Single by Lisa Lisa and Cult Jam with Full Force

from the album Lisa Lisa & Cult Jam with Full Force
- B-side: "If I Take You Home Tonight"
- Released: May 10, 1985
- Recorded: 1984
- Genre: Freestyle
- Length: 3:57 (single version) 6:45 (album version) 6:48 (extended remix)
- Label: Columbia
- Songwriters: Curt Bedeau; Gerry Charles; Hugh L Clarke; Brian George; Lucien George; Paul George;
- Producers: Full Force; Don Oriolo; Jürgen Korduletsch;

Lisa Lisa and Cult Jam singles chronology
|  | "I Wonder If I Take You Home" (1985) | "Can You Feel the Beat" (1985) |

= I Wonder If I Take You Home =

"I Wonder If I Take You Home" is a song recorded by Lisa Lisa and Cult Jam with Full Force in 1984.

== Release ==
Record producer Kenny Beck discovered the song in a "discard bin" at Personal Records while looking for songs to include on his debut album with the label.
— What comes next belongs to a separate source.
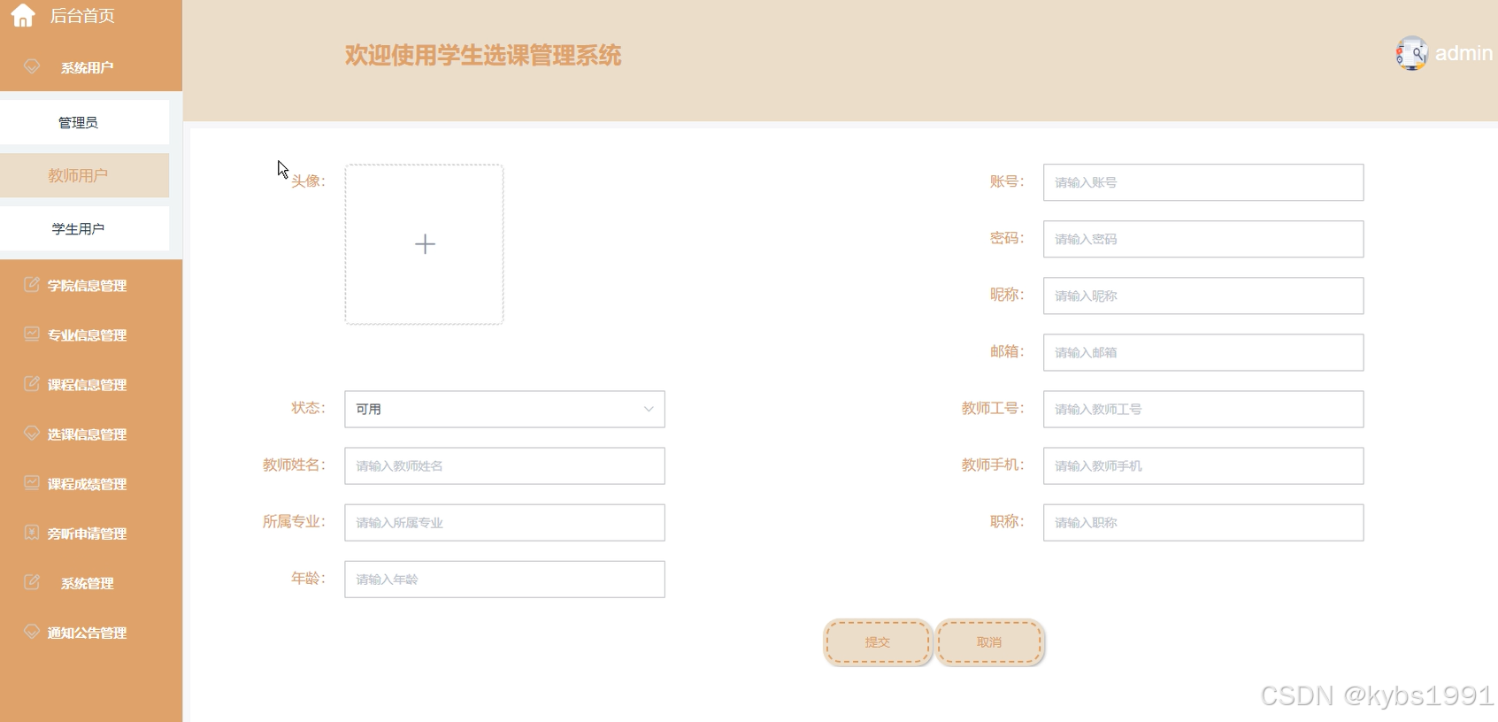 图5-3教师用户添加界面图

Impressed by the track, he created a compilation break-dancing album, CBS/SuzyQ, specifically to include the song. The album was released in Europe on CBS Records, where it immediately gained popularity as a dance hit with club DJs.
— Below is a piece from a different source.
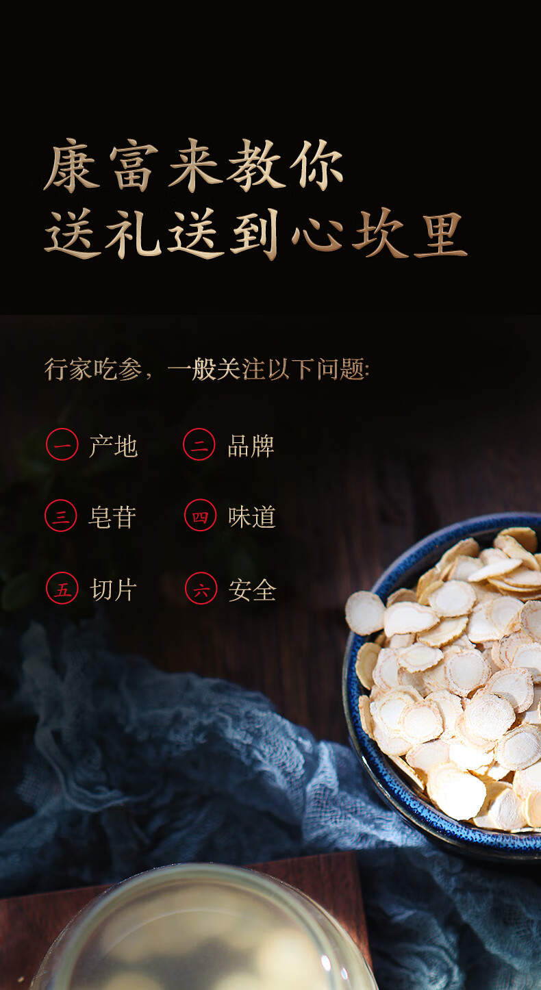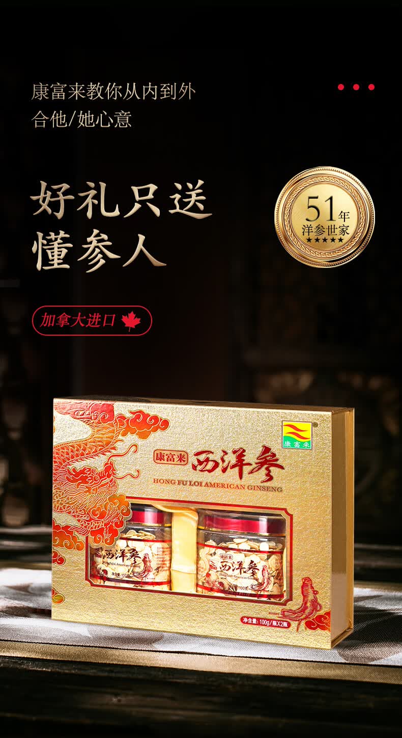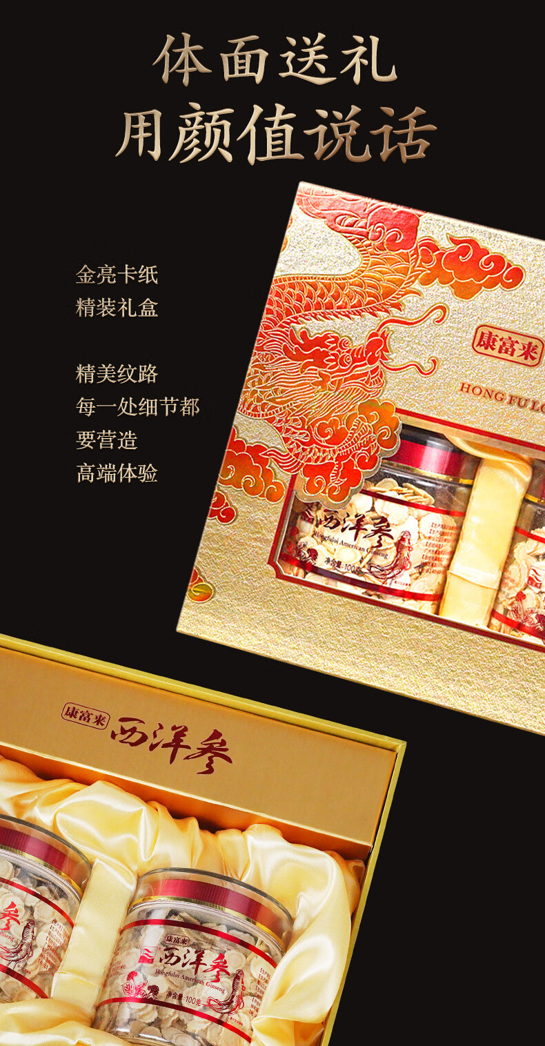 康富来西洋参片200克礼盒装加拿大进口花旗参切片高档健康礼盒送礼佳品

Soon American DJs began playing the song in the United States on Columbia Records. After the song received heavy play from these DJs, "I Wonder If I Take You Home" reached No. 1 on the Billboard Hot Dance Club Play chart for one week in June 1985.
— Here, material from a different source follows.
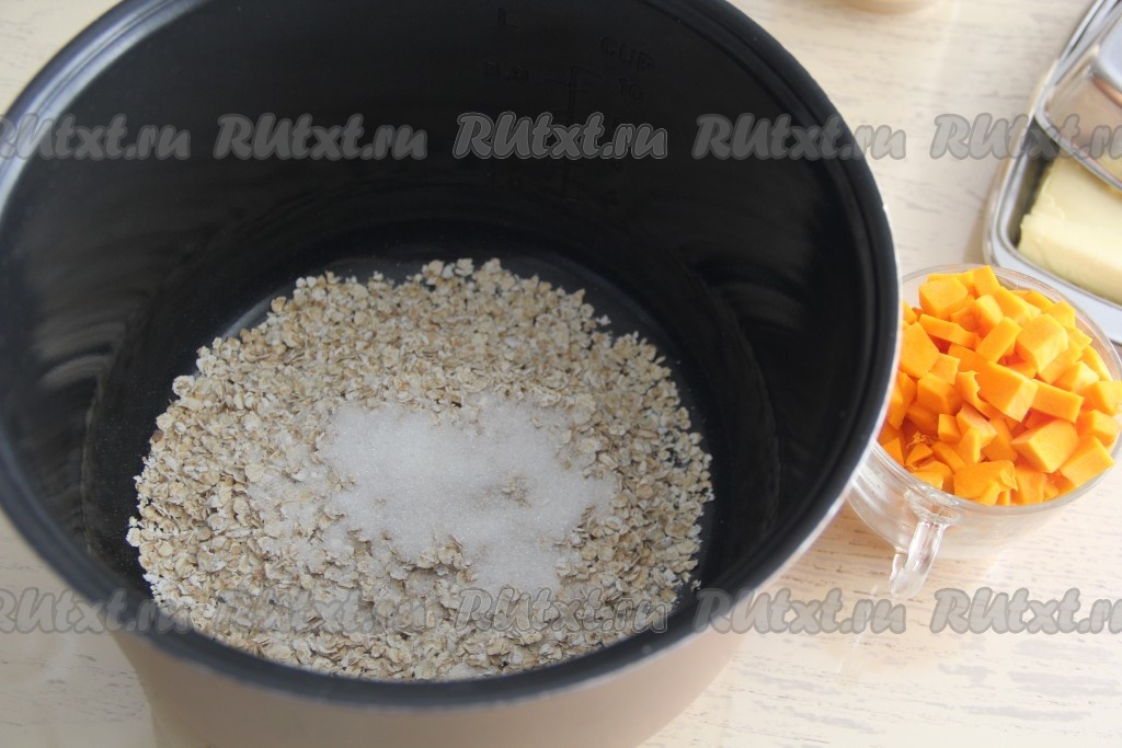 В чашу мультиварки всыпать овсяные хлопья, соль и сахар.

On other US charts, it peaked at No. 6 on the R&B chart and reached No. 34 on the Hot 100. In 1991, the single was certified gold in the US by the RIAA. Overseas, it charted at No. 12 on the UK Singles Chart and number 41 in the Netherlands.

== Critical reception ==
"I Wonder If I Take You Home" was voted the eighth best single of 1985 in The Village Voices annual Pazz & Jop critics poll. Robert Christgau, the poll's creator, ranked it twelfth on his own list of the year's best singles.

John Leland of Spin called it a "lightweight but catchy teenage hip-pop click. The "should-I-or-shouldn't-I" question has rarely been presented with such a keen appreciation of the merits of saying yes."

==Legacy==
Its chorus has been interpolated in the Black Eyed Peas's 2005 hit song "Don't Phunk with My Heart", Fabolous's song with Lil' Mo titled "Take You Home", in the Angie Martinez single "Take You Home" featuring Kelis, and rapper Big Moe's song "I Wonder".

The song was sampled by Kylie Minogue in her song "Secret (Take You Home)", by Pitbull in his song "I Wonder", featuring Oobie, by R&B singer Paula Campbell in her single "Take You Home", which garnered much airplay on urban radio-stations around the Baltimore-DC area, and in the Junior M.A.F.I.A. featuring Aaliyah single, "I Need You Tonight".

In 2010, singer Adrienne Bailon and rapper Ghostface Killah covered the song as "Take You Home". In 2012, rapper Meek Mill used the chorus and a remixed beat for his song "Take You Home", featuring Wale and Big Sean, off his Dreamchasers 2 mixtape. In 2018, American singer-songwriter, rapper, and bassist Meshell Ndegeocello released a cover version of the song, featured on her album Ventriloquism. In 2026, Hip-Hop group Shoreline Mafia sampled the chorus in their song "TAKE U HOME"

==Charts==

Chart performance for "I Wonder If I Take You Home"
| Chart (1985) | Peak position |
|---|---|
| Netherlands (Single Top 100) | 41 |
| UK Singles (OCC) | 12 |
| US Billboard Hot 100 | 34 |
| US Hot Dance Club Play (Billboard) | 1 |
| US Hot Black Singles (Billboard) | 8 |

==Certifications==

Certifications for "I Wonder If I Take You Home"
| Region | Certification | Certified units/sales |
| United States (RIAA) | Gold | 500,000^{^} |
^{^} Shipments figures based on certification alone.